The processes that ended the colonization agreements of Western powers, especially France, following 13 coups in Africa in just the last four years—five of which were successful—the resolution of the Karabakh issue that had remained unresolved for 40 years, the transformation of the US–Russia–China rivalry stretching from South America to Central Asia from a purely economic dimension into conflicts even if through proxy forces, the beginning of a new phase in Syria after 13 years of civil war in a country that had become an arena of competition for global powers, the complete loss of functionality of international institutions such as the UN and the International Criminal Court, and the emergence of a new era in which “might makes right” all clearly prove my thesis that World War III has already begun.
The new biggest link in the process: Iran
The Iran–Israel tension, which for decades has turned into clashes at various times—such as the 12-day war—after years of mutual threats, has in the last ten days caused a military storm that has fundamentally shaken the balance of power in the Middle East.
The operation launched by the United States and Israel under the code name “Epic Fury” largely succeeded in paralyzing Iran’s leadership and command structure in the very first minutes of the war, pushing the regional balance to a point of no return.
Iran responded to these attacks by striking the Gulf countries hosting US military bases from the very first minutes of the war.
However, while this situation increased regional backlash against Iran, it also signaled that Iran would not bear alone the costs of the war that it considers existential for itself.
Combined with military losses, the Hormuz deadlock, and retaliatory attacks on oil refineries, the skies over the Middle East have been filled not only with smoke but also with great uncertainty.
The micro-nationalism project and the strategy to divide Iran
However, it must be seen that all these reciprocal moves are not limited to missiles alone; the real operation is being conducted through Iran’s heterogeneous social structure.
The US–Israel–centered strategy aims to turn Iran into a laboratory of “ethnic fault lines” by taking advantage of the weakening of central authority.
Attempts to detach the Arab population in the oil-rich Ahvaz region from Tehran through economic promises, the instability belt being engineered along the Sistan-Baluchistan line, and identity politics conducted through the Azerbaijani Turks in the north and Kurdish groups in the west are being implemented as the most dangerous phase of the Greater Middle East Project.
The goal is to create not a unified regional power with nuclear capacity, but rather a collection of micro-nationalist provinces that conflict with one another and remain permanently open to external intervention.
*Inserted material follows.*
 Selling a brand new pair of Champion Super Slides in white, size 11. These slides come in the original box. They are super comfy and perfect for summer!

Regardless of the outcome of the war from this point onward, Iran will become both an arena where Israel’s Periphery Doctrine and the United States’ micro-nationalism approach are implemented through a project of weakening the country by fragmenting it into smaller states, and a field where other global powers will struggle for influence through proxy forces.
In the midst of this massive fire, Türkiye is emerging as the region’s sole anchor of stability with both its historical experience and its rational foreign policy.
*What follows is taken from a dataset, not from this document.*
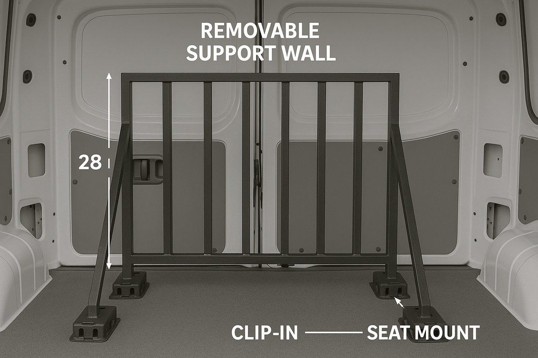 I don’t have any money (or space) for a separate work van, so I really need to find a way to make this work. And because all my equipment is portable it’d be a shame to not also do it in such a way that it can be easily emptied when I want to go on a road trip. Flexibility is the name of the game, not because it’s the best way to do it necessarily, but because without using it for both it really doesn’t make sense to keep it at all.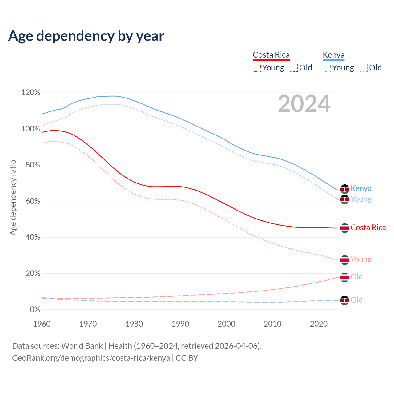 Data sources: World Bank | Health (1960–2024, retrieved 2026-04-06); U.S. Census Bureau (1960–2024, retrieved 2026-02-08).

Türkiye’s quiet yet deep-moving strategy focuses on preventing the emergence of a “black hole” in the neighboring geography, while simultaneously adopting a global power reflex aimed at minimizing both its own risks and the regional repercussions.
For the Turkish state mind, regional stability and the territorial integrity of neighboring countries such as Iran are not merely foreign policy preferences but direct security matters.
Knowing that any governance vacuum in Tehran would create new operational spaces for the PKK/YPG terrorist organization and its affiliates, Türkiye prefers a central state structure that can be engaged with—even if it is a rival—over a geography consumed by chaos.
In this direction, while strengthening its borderlines, Türkiye continues to protect its interests rationally through this strategy.
Conclusion and strategic projection
In light of all these developments and strategies, Iran has now evolved—regardless of the outcome of the war—into a long-term arena of attrition where global powers will wear each other down for years.
In other words, the strategy of destruction pursued by the United States and especially Israel does not aim, as they claim, to bring peace to the region, but rather to institutionalize a civil war that could last for decades.
Türkiye, if it continues its current strategy, will emerge from this process—just as it did during the Ukraine War and the Syrian civil war—as the country that successfully implements the formula of “minimum damage, maximum security,” balancing both its alliance relations with the Western bloc and the principles of regional neighborhood diplomacy.